>>>>>

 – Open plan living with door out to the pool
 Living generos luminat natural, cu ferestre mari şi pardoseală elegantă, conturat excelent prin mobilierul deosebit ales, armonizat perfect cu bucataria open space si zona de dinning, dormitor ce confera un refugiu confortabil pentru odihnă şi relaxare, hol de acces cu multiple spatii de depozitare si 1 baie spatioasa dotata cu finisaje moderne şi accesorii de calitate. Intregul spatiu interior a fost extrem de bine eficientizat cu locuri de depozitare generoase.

<<<<<
>>>>>

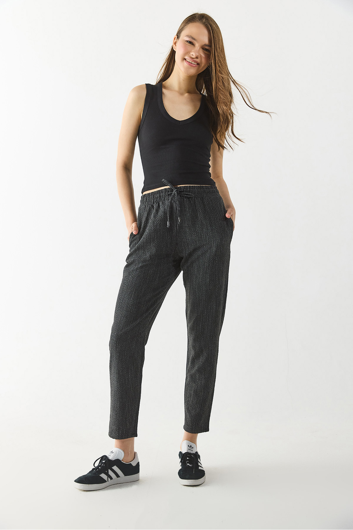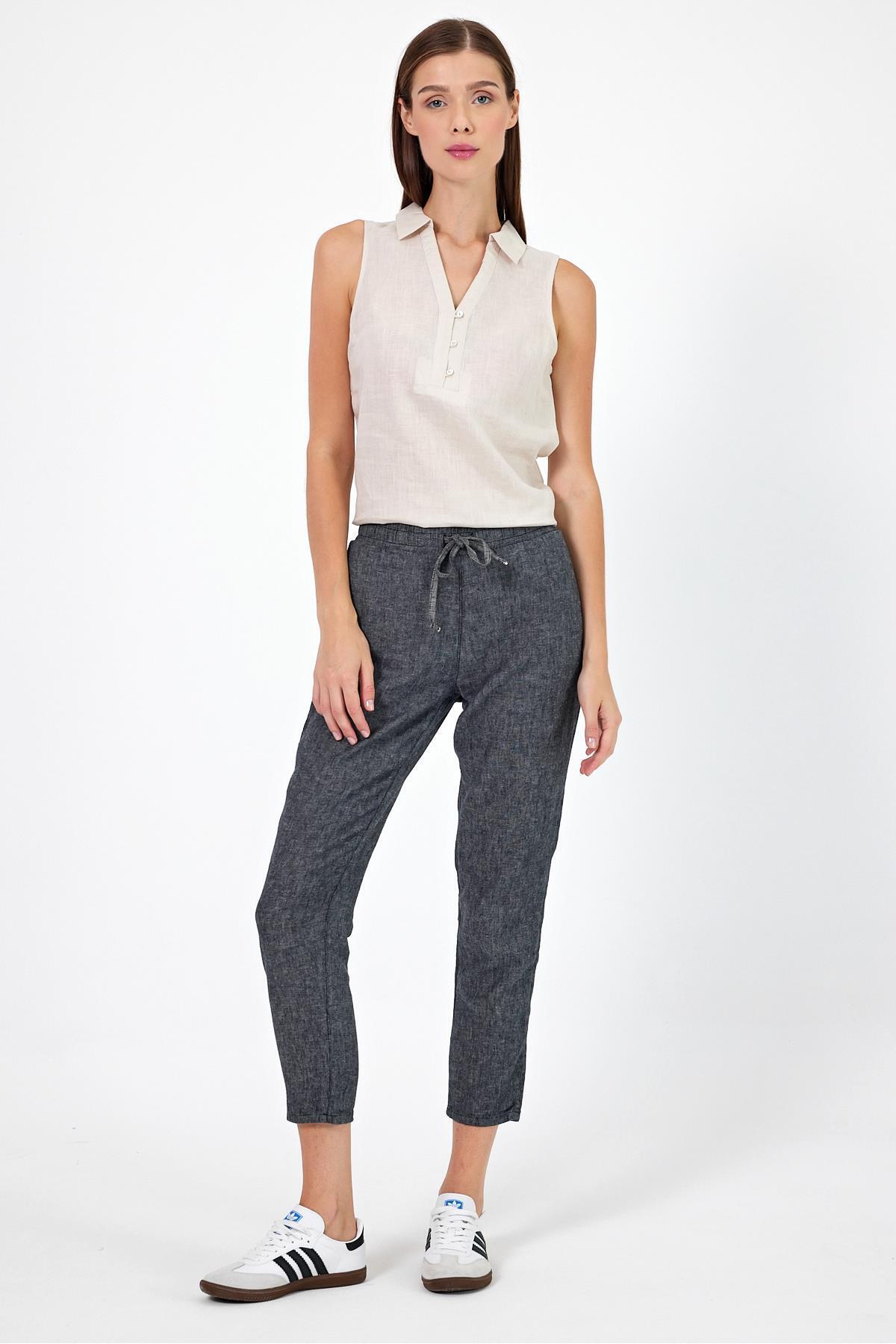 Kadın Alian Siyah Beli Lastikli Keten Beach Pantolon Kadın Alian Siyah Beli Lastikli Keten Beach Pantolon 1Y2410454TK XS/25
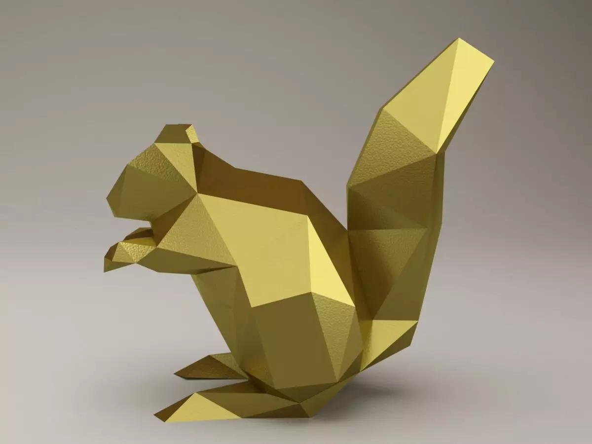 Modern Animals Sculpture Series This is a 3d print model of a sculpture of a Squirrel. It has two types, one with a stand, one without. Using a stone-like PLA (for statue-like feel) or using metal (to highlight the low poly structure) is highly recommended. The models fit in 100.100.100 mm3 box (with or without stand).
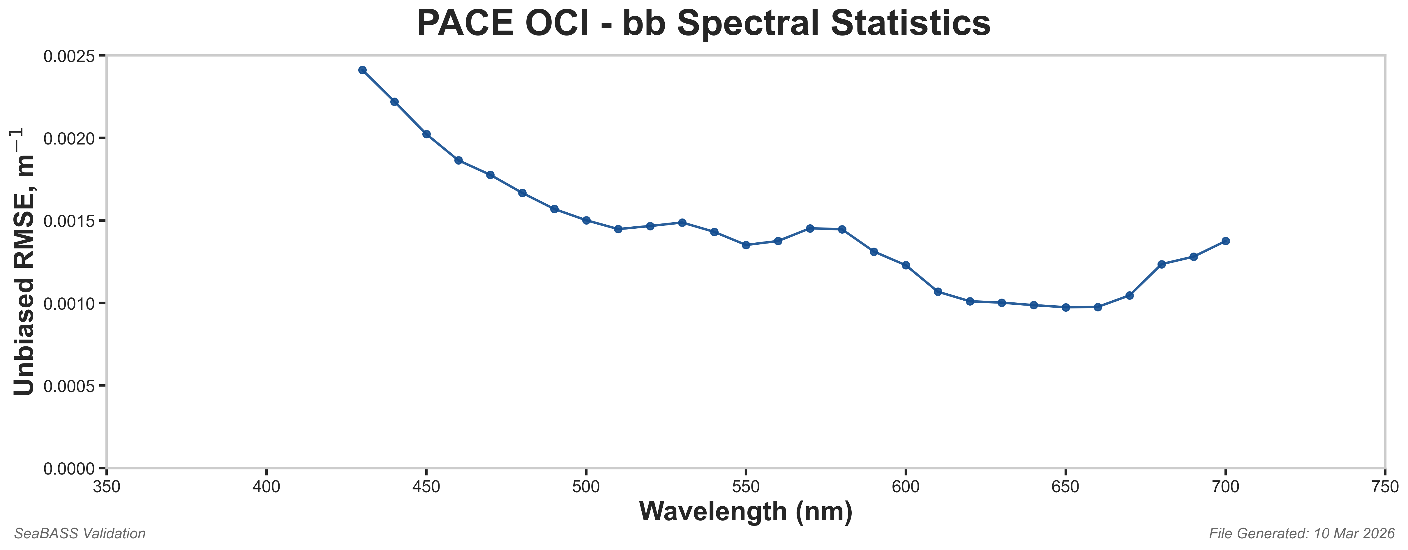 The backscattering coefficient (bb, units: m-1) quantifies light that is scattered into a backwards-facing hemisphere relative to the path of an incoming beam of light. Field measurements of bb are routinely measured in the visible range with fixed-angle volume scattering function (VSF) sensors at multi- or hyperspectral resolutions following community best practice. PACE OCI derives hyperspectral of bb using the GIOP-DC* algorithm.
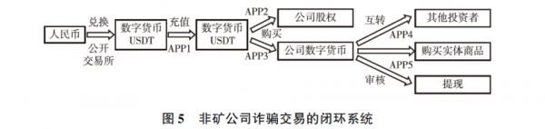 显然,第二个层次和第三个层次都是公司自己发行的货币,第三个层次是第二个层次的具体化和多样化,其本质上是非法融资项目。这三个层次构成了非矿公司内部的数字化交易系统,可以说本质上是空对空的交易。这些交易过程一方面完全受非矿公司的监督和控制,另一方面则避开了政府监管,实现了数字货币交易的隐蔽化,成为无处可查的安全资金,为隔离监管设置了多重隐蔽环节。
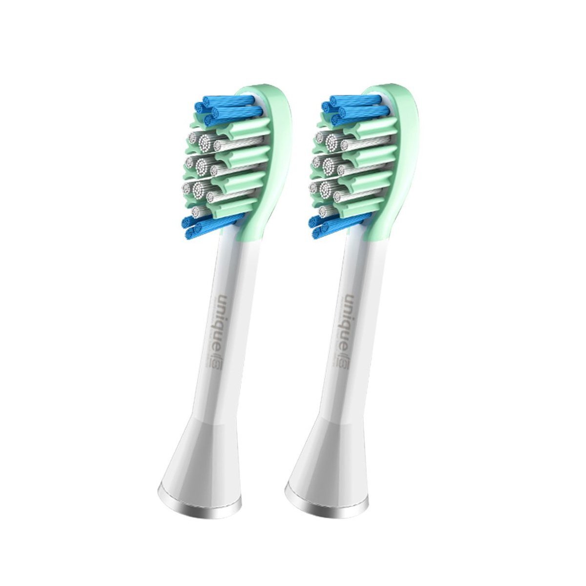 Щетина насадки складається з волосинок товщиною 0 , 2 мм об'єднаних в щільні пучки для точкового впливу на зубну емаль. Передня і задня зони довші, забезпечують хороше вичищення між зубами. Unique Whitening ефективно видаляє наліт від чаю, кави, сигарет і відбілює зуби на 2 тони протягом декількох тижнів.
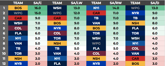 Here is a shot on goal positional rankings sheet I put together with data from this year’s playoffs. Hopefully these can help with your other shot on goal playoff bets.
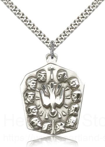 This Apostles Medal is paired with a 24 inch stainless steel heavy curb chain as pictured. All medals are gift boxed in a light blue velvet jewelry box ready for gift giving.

<<<<<

• Requirement: Working from the entries above, please transcribe only the lines from the line with "Modern Animals Sculpture" through the line with "Щетина насадки складається", exactly, with both end lines and without pictures.

• Answer to the exercise:
 Modern Animals Sculpture Series This is a 3d print model of a sculpture of a Squirrel. It has two types, one with a stand, one without. Using a stone-like PLA (for statue-like feel) or using metal (to highlight the low poly structure) is highly recommended. The models fit in 100.100.100 mm3 box (with or without stand).
 The backscattering coefficient (bb, units: m-1) quantifies light that is scattered into a backwards-facing hemisphere relative to the path of an incoming beam of light. Field measurements of bb are routinely measured in the visible range with fixed-angle volume scattering function (VSF) sensors at multi- or hyperspectral resolutions following community best practice. PACE OCI derives hyperspectral of bb using the GIOP-DC* algorithm.
 显然,第二个层次和第三个层次都是公司自己发行的货币,第三个层次是第二个层次的具体化和多样化,其本质上是非法融资项目。这三个层次构成了非矿公司内部的数字化交易系统,可以说本质上是空对空的交易。这些交易过程一方面完全受非矿公司的监督和控制,另一方面则避开了政府监管,实现了数字货币交易的隐蔽化,成为无处可查的安全资金,为隔离监管设置了多重隐蔽环节。
 Щетина насадки складається з волосинок товщиною 0 , 2 мм об'єднаних в щільні пучки для точкового впливу на зубну емаль. Передня і задня зони довші, забезпечують хороше вичищення між зубами. Unique Whitening ефективно видаляє наліт від чаю, кави, сигарет і відбілює зуби на 2 тони протягом декількох тижнів.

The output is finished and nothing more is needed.